Exercise description:
Set down the lines that begin at the top of the records and end with the line containing "Панель включает в", and drop every picture.

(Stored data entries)
====

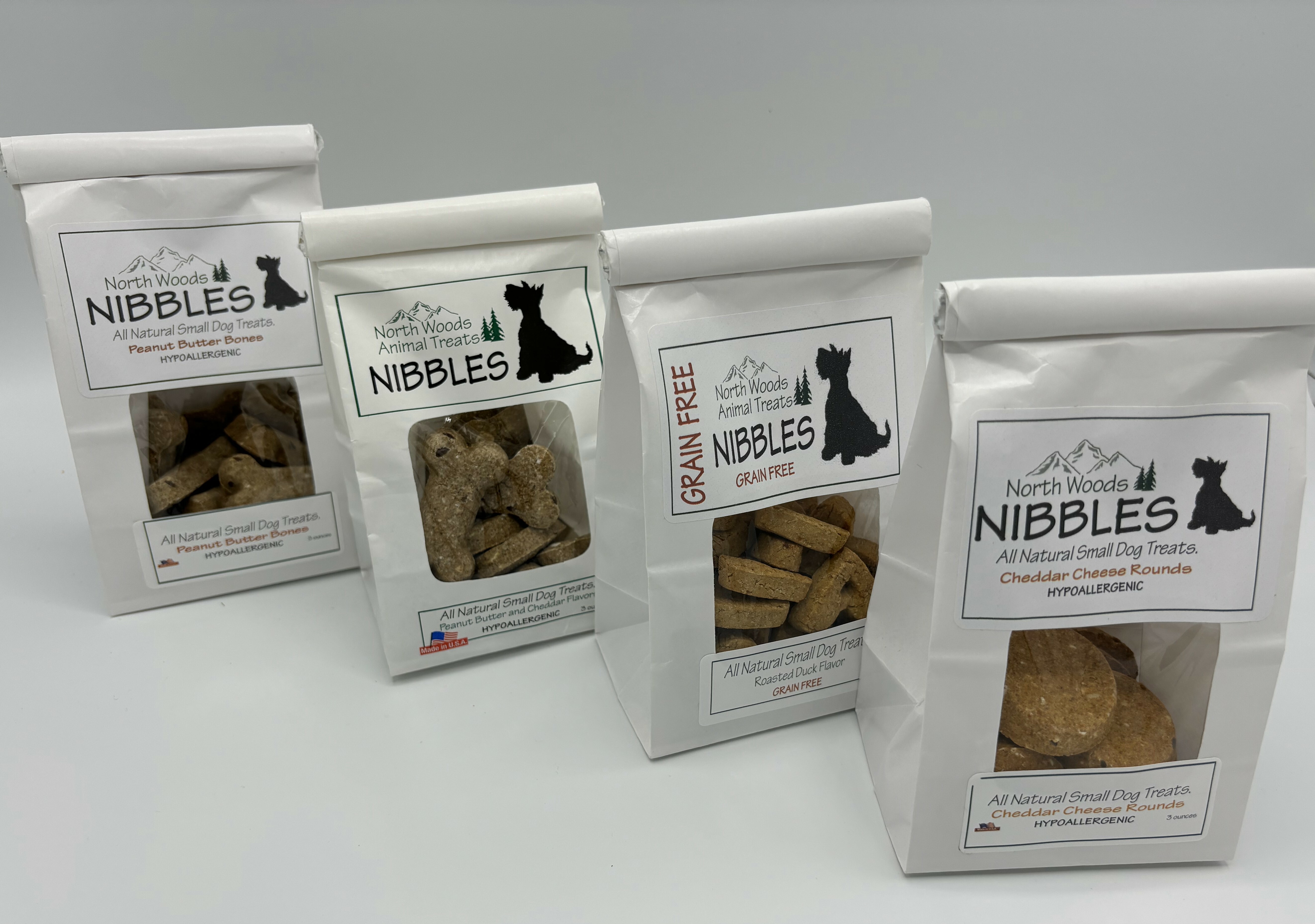 Add to Cart Nibbles - 1 Peanut Butter Bone & 2 Cheddar Rounds - 3 Nibbles/Bag Total MSRP: Was: Now: $1.99 Hypoallergenic, all natural small dog treats contain no wheat, corn or soy. 1 Peanut Butter Bon…
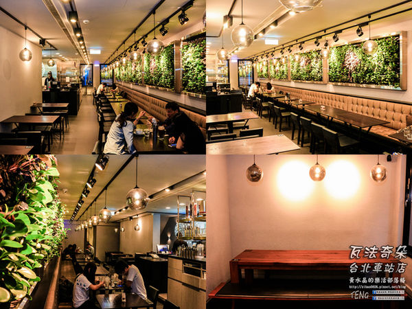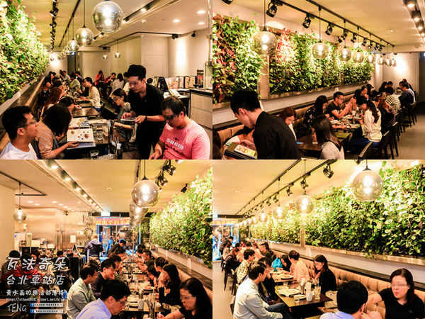 當客人都坐滿時很壯觀吧!打上燈光,後頭的植生牆就像一幅幅花草畫般。
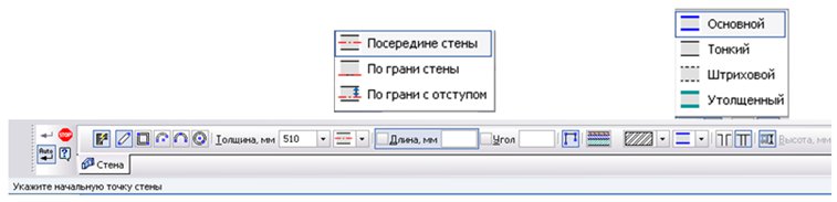 Панель включает в свой состав 5 основных кнопок, определяющих вид представления на чертеже новой стены и их общие параметры такие как: изменение толщины (для однослойных стен), изменение привязки стены к базовой линии, штриховки и быстрый выбор стилей отрисовки контура стен. Остальные поля ввода определяют геометрию стены в зависимости от выбранного вида.
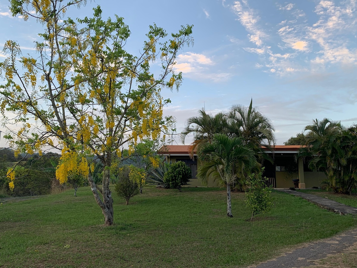 Welcome to our cozy apartment in Grecia, perfect for 2 guests (up to 3) with a double bed and sofa bed. includes WiFi,TV, a fully equipped kitchen, and a private bathroom with hot water. Located on a peaceful 2-acre property with fruit trees, just 4 minutes from downtown. Enjoy a traditional Costa Rican breakfast with pinto, eggs, natilla, and sweet plantains. Relax in your private cold-water garden tub after exploring nearby attractions like Parque Nacional Volcán Poás.Family-run and welcoming.
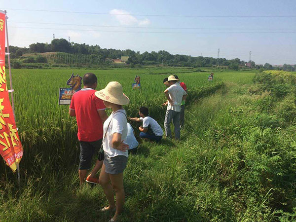 7點整準(zhǔn)時出發(fā)來到觀摩現(xiàn)場,在張總和胡經(jīng)理的帶領(lǐng)下進(jìn)行觀摩。期間胡經(jīng)理向大家講解了隆王稻的特征特性,如抽穗孕穗時經(jīng)歷全程高溫結(jié)實率依然表現(xiàn)突出,分裂強(qiáng)勢等,并和在場隆王互動,現(xiàn)場驗證結(jié)實率高達(dá)89%,平均有效分裂達(dá)30,不愧為隆王稻。
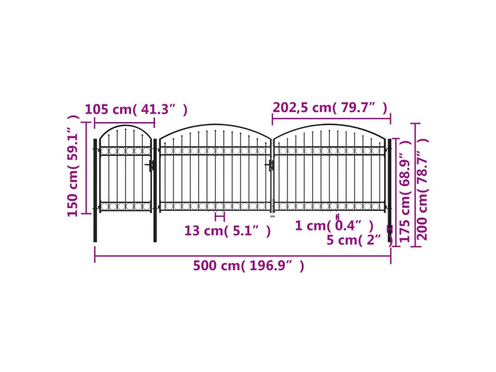 Zahradní plotová branka s obloukem ocelová 2 x 5 m černá 144372
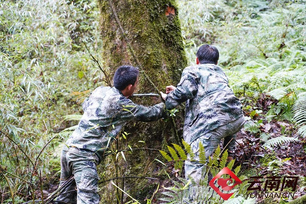 工作人員在測量水青樹的胸徑。昌寧融媒體中心供圖
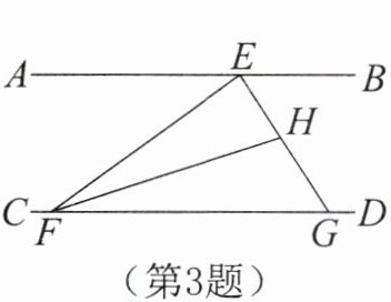 3. 如图,$\triangle EFG的三个顶点E$,$G和F分别在平行线AB$,$CD$上,$FH平分\angle EFG$,交线段$EG于点H$,若$\angle AEF= 36^\circ$,$\angle BEG= 57^\circ$,则$\angle EHF$的大小为 。
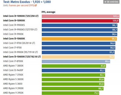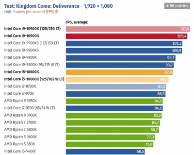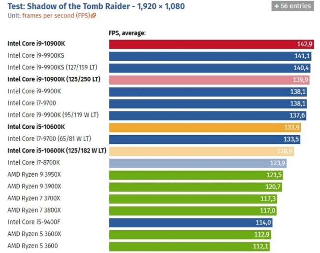 Игровые тесты Intel Core i9-10900К в разрешении Full HD
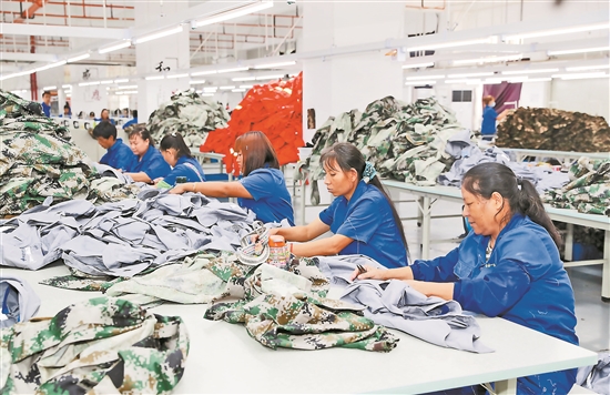 在实施易地扶贫搬迁过程中,泸水市结合当地实际,在多个易地扶贫搬迁安置点创建了形式多样的扶贫车间,帮助困难群众在家门口完成就业脱贫。依托怒江傈僳族自治州职教中心教育资源,扶贫车间可作为农村劳动力实训基地,让更多群众掌握一技之长,拓宽就业渠道。图为云南一鹤服饰有限公司扶贫车间。本报记者 李秋明 摄
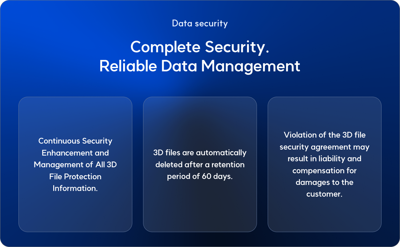 GLUCK has built the largest 3D printing smart factory in Korea, and we promise to safely protect and systematically manage our customers' valuable technical data so that it is not leaked to the outside.
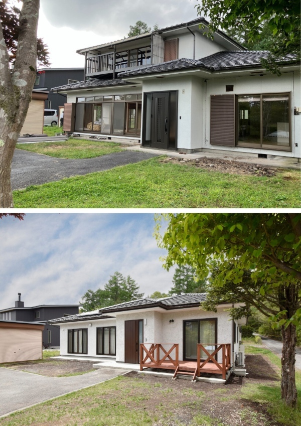 上:リノベ前、下:リノベ後(外壁:スーパー白洲そとん壁W W121スチロゴテ仕上げ)
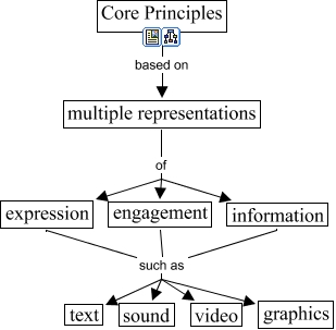 Este Cmap, tiene información relacionada con: UDE Core Principles, expression such as video, engagement such as text, information such as text, expression such as sound, engagement such as video, multiple representations of engagement, multiple representations of information, information such as video, Core Principles based on multiple representations, information such as graphics, expression such as graphics, multiple representations of expression, information such as sound, engagement such as sound, expression such as text, engagement such as graphics
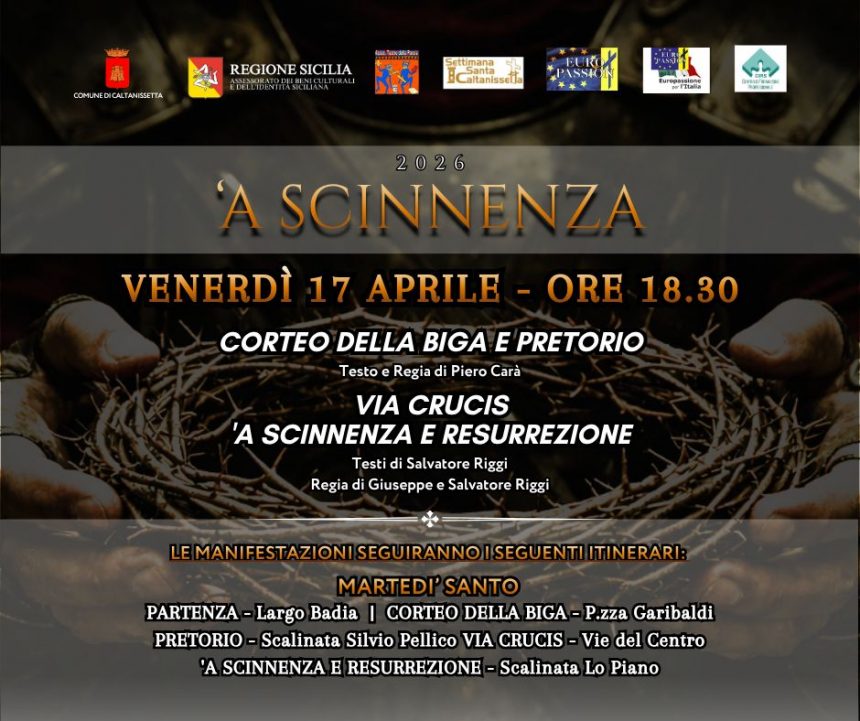Eventi‘A Scinnenza il 17 aprile a Caltanissetta recupera la sacra rappresentazione rinviata per il maltempo Ultimo aggiornamento: Aprile 14, 2026 1:59 pm redazione 154 Views Condividere CONDIVIDERE TAGGED:Giuseppe RiggiPiero CaràSalvatore Riggi Condividi Questo Articolo Facebook Twitter Whatsapp Whatsapp Copy Link Print

====

Exercise answer:
 Add to Cart Nibbles - 1 Peanut Butter Bone & 2 Cheddar Rounds - 3 Nibbles/Bag Total MSRP: Was: Now: $1.99 Hypoallergenic, all natural small dog treats contain no wheat, corn or soy. 1 Peanut Butter Bon…
 當客人都坐滿時很壯觀吧!打上燈光,後頭的植生牆就像一幅幅花草畫般。
 Панель включает в свой состав 5 основных кнопок, определяющих вид представления на чертеже новой стены и их общие параметры такие как: изменение толщины (для однослойных стен), изменение привязки стены к базовой линии, штриховки и быстрый выбор стилей отрисовки контура стен. Остальные поля ввода определяют геометрию стены в зависимости от выбранного вида.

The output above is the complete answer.